With the continuous improvement of living standard and the change of life style of people, the prevalence rate of diabetes is on the rise. Diabetes is a group of metabolic diseases characterized by chronic increases in blood glucose levels. The Postprandial Glycemic Response (PGR) of a human is influenced by a variety of factors, and for a single food, is significantly correlated with food composition, Glycemic Index (GI) and Glycemic Load (GL) values; however, for mixed diets, there was no significant correlation between food composition and postprandial blood glucose, but there was some correlation between GL and GI values. Secondly, the protein and fat in the food also have some effect on blood glucose. The magnitude of their effect on blood glucose is in turn: GL > protein > fat.
Disclosure of Invention
Aiming at the technical problems in the prior art, the invention provides a model construction method for predicting diabetes based on eating habits.
The technical scheme for solving the technical problems is as follows: a model construction method for predicting diabetes based on eating habits comprises the following steps: obtaining a first sample set comprising food material information of a sample multi-day meal; extracting a plurality of data in the first sample set, and forming a second sample set by using the data as features; dividing the second sample set into a training set and a verification set, and taking the training set as the input of a decision tree modeler; and training the decision tree model until the information gain of the features is lower than a threshold value to obtain the decision tree model.

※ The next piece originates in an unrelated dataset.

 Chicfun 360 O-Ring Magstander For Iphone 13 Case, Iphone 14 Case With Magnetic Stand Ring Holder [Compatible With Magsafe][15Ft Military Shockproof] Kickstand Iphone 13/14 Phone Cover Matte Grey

In some embodiments of the invention, the first sample set further comprises the age, sex, weight, height, past history of diabetes, history of allergies of the sample population.

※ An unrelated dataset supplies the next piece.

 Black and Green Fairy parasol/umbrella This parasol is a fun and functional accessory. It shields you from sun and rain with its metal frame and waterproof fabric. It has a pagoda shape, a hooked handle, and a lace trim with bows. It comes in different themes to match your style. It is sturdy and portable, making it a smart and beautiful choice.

In some embodiments of the invention, the nutrient intake profile is calculated from the age, sex, and food material information of the multi-day meal of each sample in the first sample set, and is characterized by the second data set.
In some embodiments of the invention, the nutrients include protein, fat, glucose.
In some embodiments of the invention, the characteristics of the second sample set include age, glycemic load, fat, protein, obesity, genetic history of diabetes.
In some embodiments of the invention, the blood glucose load is taken as the root node of the decision tree model.
The invention provides a system for predicting diabetes based on eating habits, which comprises an acquisition module, a matching module, a calculation module and a decision tree model, wherein the acquisition module is used for acquiring the food material information of the user such as age, sex, weight, height, past history of diabetes, allergy history and multi-day meals; the matching module is used for searching the daily intake of nutrients and the content of the nutrients according to the gender and the age of the user; the calculation module is used for carrying out weighted calculation on the content of the nutrients retrieved by the matching module and comparing the content of the nutrients with the daily intake to obtain the characteristics of the intake of the nutrients; the decision tree model predicts the probability of the user suffering from diabetes based on the nutrient intake characteristics.
In some embodiments of the invention, the decision tree model includes a model constructed by the model construction method for predicting gout based on eating habits.
In some embodiments of the invention, the nutrient is glucose, fat, protein.
In some embodiments of the invention, the decision tree model is optimized by a random forest tree.
The invention has the beneficial effects that: the main causes of diabetes are analyzed, the dietary behavior of the user is monitored and evaluated in real time, less resources are consumed, and the user can quickly and conveniently know the nutrient intake condition and predict the diabetes risk index by using the nutrient content accumulation weighting and decision tree (ID3) algorithm in the food materials, so that the disease speculation speed is increased, and the user experience is improved.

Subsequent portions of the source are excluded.